Come posso sapere se il limite dell'attuatore dipende dall'alimentazione o dallo scarico?

Misurare entrambi durante lo stesso ciclo. Una bassa pressione di alimentazione alla stazione più lontana durante il riempimento della camera indica una restrizione sul lato alimentazione. Un’elevata pressione relativa allo scarico durante lo svuotamento della camera indica contropressione. Registrare anche la pressione sull’attacco di lavoro e il movimento dell’attuatore, perché la restrizione effettiva potrebbe trovarsi nel percorso della valvola, nel tubo, nel regolatore di velocità o nel silenziatore.

Quando conviene dividere un'isola di valvole in zone di pressione?

Utilizzare le zone quando i gruppi richiedono pressioni diverse, isolamento o protezione reciproca dalla domanda di picco. Dimensionare ogni zona in base alla propria matrice di contemporaneità e predisporre i percorsi di alimentazione e scarico necessari. Un separatore da solo non aumenta la capacità di portata; Festo prescrive almeno una piastra di alimentazione o un’alimentazione pneumatica per ogni zona di pressione VTUS.

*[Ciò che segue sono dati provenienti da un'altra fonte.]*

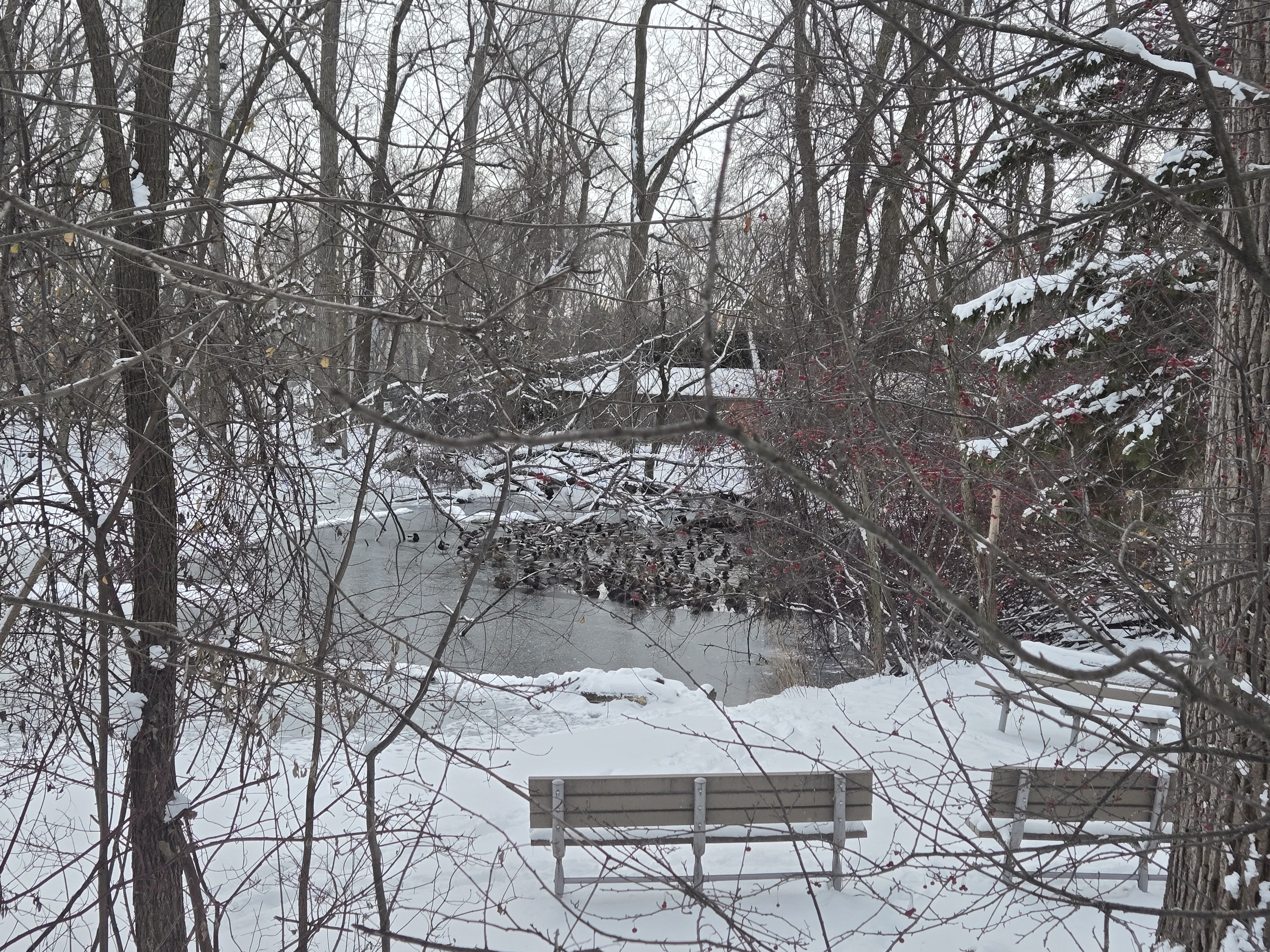It was a beauty to behold in my opinion, to see a waterfall frozen solid! This was one of the parks I was looking forward to seeing when I began looking into this trip to Green Bay, and I was astonished at the view of this frozen mass. At this park, my partner and I met with my brother and step-dad where we stayed a bit to enjoy the view together.
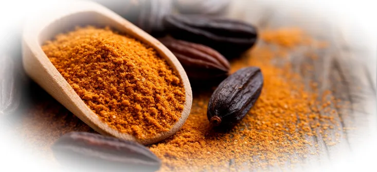 - Естественная сладость. Кэроб примерно на 50% состоит из натуральных сахаров (сахароза, фруктоза, глюкоза), что позволяет использовать его в выпечке и десертах без добавления рафинированного сахара.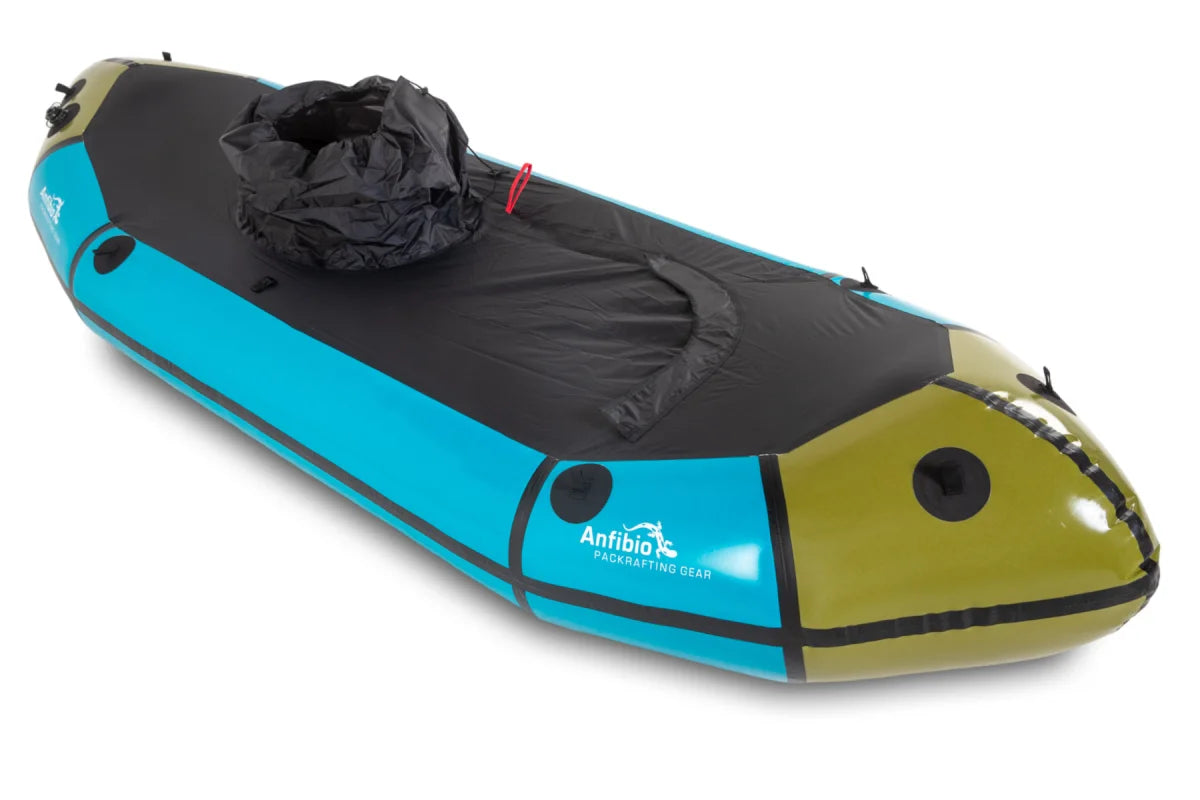 Die Spritzdecke erweitert das Einsatzspektrum des Bootes enorm. Ob Spritzwasser, Wellen, Regen oder Kälte – das Verdeck ist nicht nur Komfort sondern auch ein Sicherheitsaspekt. Sie ist nicht 100% dicht (über dem Reißverschluss kann etwas Wasser eindringen), aber bei gemäßigten Bedingungen völlig ausreichend. Die Spritzdecke lässt sich leicht öffnen und schließen, wobei das Boot mit aufgerolltem Verdeck auch offen gefahren werden kann. Dadurch ist das Packraft auch für Touren mit häufigen Ausstiegen, etwa durch Tragepassagen, Besichtigungen unbekannter Gewässer, Notausstiege, Trainings etc. geeignet. TubeBags (optional) Anfibio TubeBags sind zwei zentral positionierte, IPX7-wasserdichte Gepäckreißverschlüsse mit direkt hinterlegten, luft- und wasserdichten Innentaschen (je 70l). Das jeweilige Gepäckfach und die Hauptluftkammer bilden somit zwei voneinander getrennte Lufträume. Die Reißverschlüsse müssen für ihre Aufgabe nicht luftdicht sein, weil es konstruktionsbedingt nicht notwendig ist. Selbst leicht (!) geöffnet, erhält das System seine Funktion. Das macht es sehr resistent gegenüber Schmutz und Verschleiß. Weitere Eigenschaften/Vorteile

Fonti e riferimenti tecnici

SMC: Valvola pneumatica a 5 vie e collettore serie VPA4*50, scarico comune e individuale, limiti delle stazioni, avvertenza sul funzionamento simultaneo e prescrizione di alimentazione/scarico da entrambe le estremità. Consultato il 2026-07-22.

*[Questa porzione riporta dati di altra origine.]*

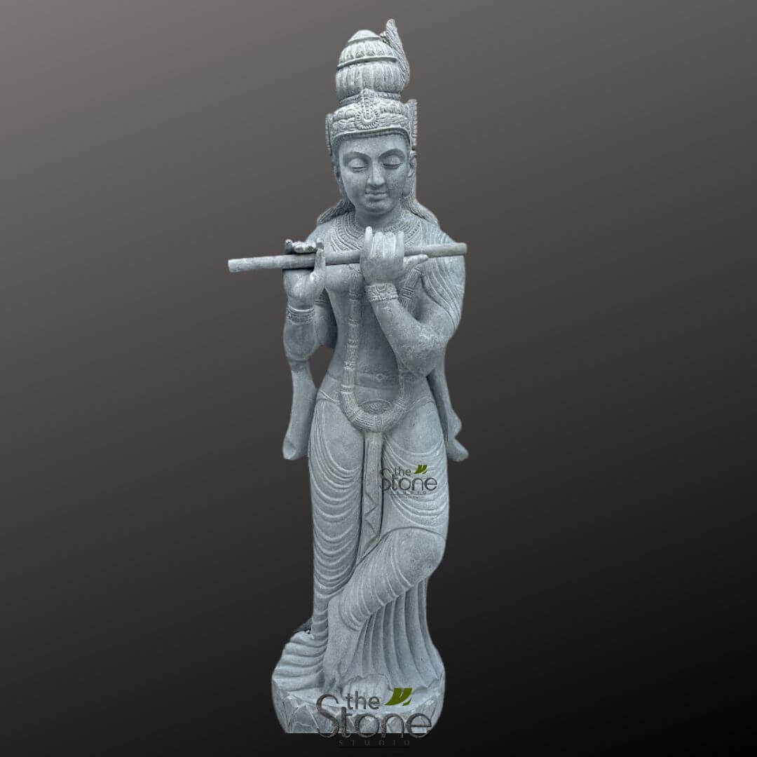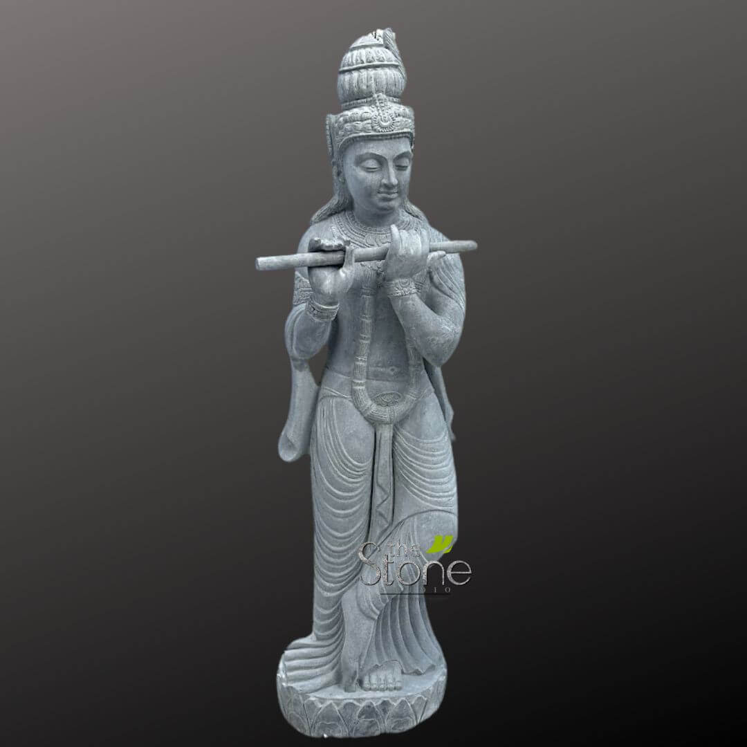 This exquisite 6ft Krishna statue is meticulously hand-carved from premium quality granite stone, showcasing Lord Krishna in his graceful flute-playing posture.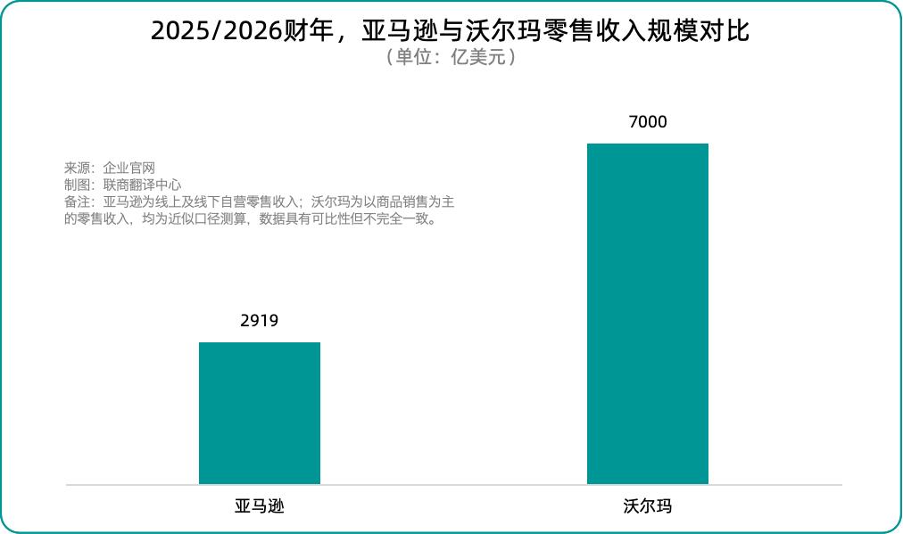如果从以“卖货”为核心的零售维度看,亚马逊线上、线下零售板块合计营收2919亿美元(约2.01万亿元人民币);而沃尔玛以商品销售为主的零售收入规模接近7000亿美元(约4.82万亿元人民币)。相比之下,沃尔玛的领先优势依然十分明显。
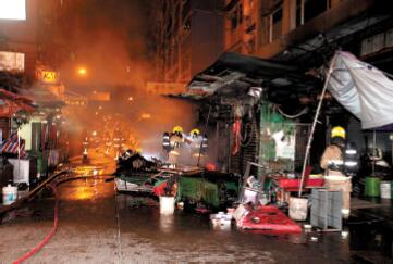 【香港商報网訊】記者馮仁樂報道:旺角現縱火狂徒!昨日凌晨1個半小時內,廣東道先后發生3宗火警,消防疲於奔命灌救,經調查后認為屬故意縱火,已交警方深入調查。火警共焚毀4個排檔,有檔主苦道:「開檔50年都未試過!」警方正追緝狂徒歸案。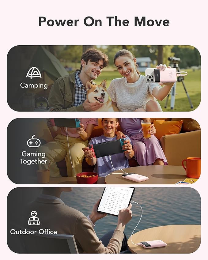 - 【Portable Charger with 2 Built-in Cables】 Features integrated iOS and USB-C output cables. Eliminate the need for loose wires and charge your iPhone, iPad, Samsung Galaxy, AirPods, and other USB-C devices directly. The ultimate hassle-free charging solution for daily use and travel essential.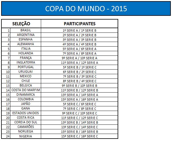 - Classificação: 1º ao 4º da série A , 1º ao 4º da série B, 1º ao 4º da série C; 1º ao 4º da Copa do Brasil; caso repita os times nessa classificação serão utilizados 5º, 6º,… da SériaA;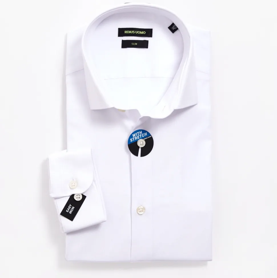 Elevate your wardrobe with the Remus Uomo Stretch Shirt, a modern essential tailored for the contemporary gentleman. Crafted with a slim fit for cotton stretch fabric, this shirt offers both style and comfort, ensuring a sleek and flexible wear throughout the day. The spread collar adds a sophisticated touch, perfect for both formal and casual settings. Finished with button cuffs, this shirt exudes versatility and refinement, making it the perfect addition to any formal wardrobe.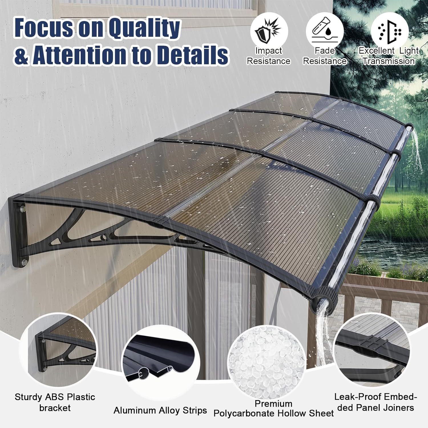 - •Sturdy and Durable: Crafted with robust ABS plastic brackets and a reinforced aluminum stripe, this awning canopy for door entrance resists rust, corrosion, and all kinds of weather. It’s built to provide years of maintenance-free protection for your entries, porches, or windows, adding both functionality and style to your home.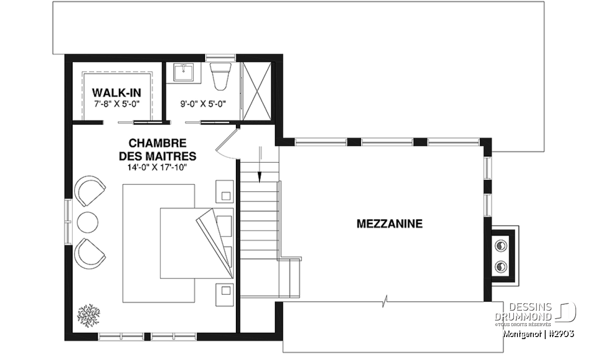 Étage - Plan de chalet panoramique, chambre des maîtres à l'étage, mezzanine, cuisine avec îlot, plafond cathédrale - Montgenot

Festo: Valvole VUWS e assemblaggio del collettore di valvole VTUS, dimensioni del collettore, dati di portata con valvole in parallelo, piastre di alimentazione, zone di pressione, separatori dei condotti e indicazioni sullo scarico. Edizione 2025-12.

ISO: ISO 6358-1:2013, metodi di prova in regime stazionario per componenti pneumatici che impiegano fluidi comprimibili, inclusi gli emendamenti del 2020 e 2026. Consultata il 2026-07-22.

ISO: ISO 6358-3:2014, metodo per stimare le caratteristiche di portata di un sistema a partire dalle caratteristiche note dei componenti e delle tubazioni, compresi il flusso subsonico e quello strozzato. Confermata nel 2025.

CAGI: Nota tecnica sulla caduta di pressione, indicazioni sulla caduta di pressione dell’intero sistema, sulla velocità nelle tubazioni di distribuzione e sul monitoraggio della pressione. Consultata il 2026-07-22.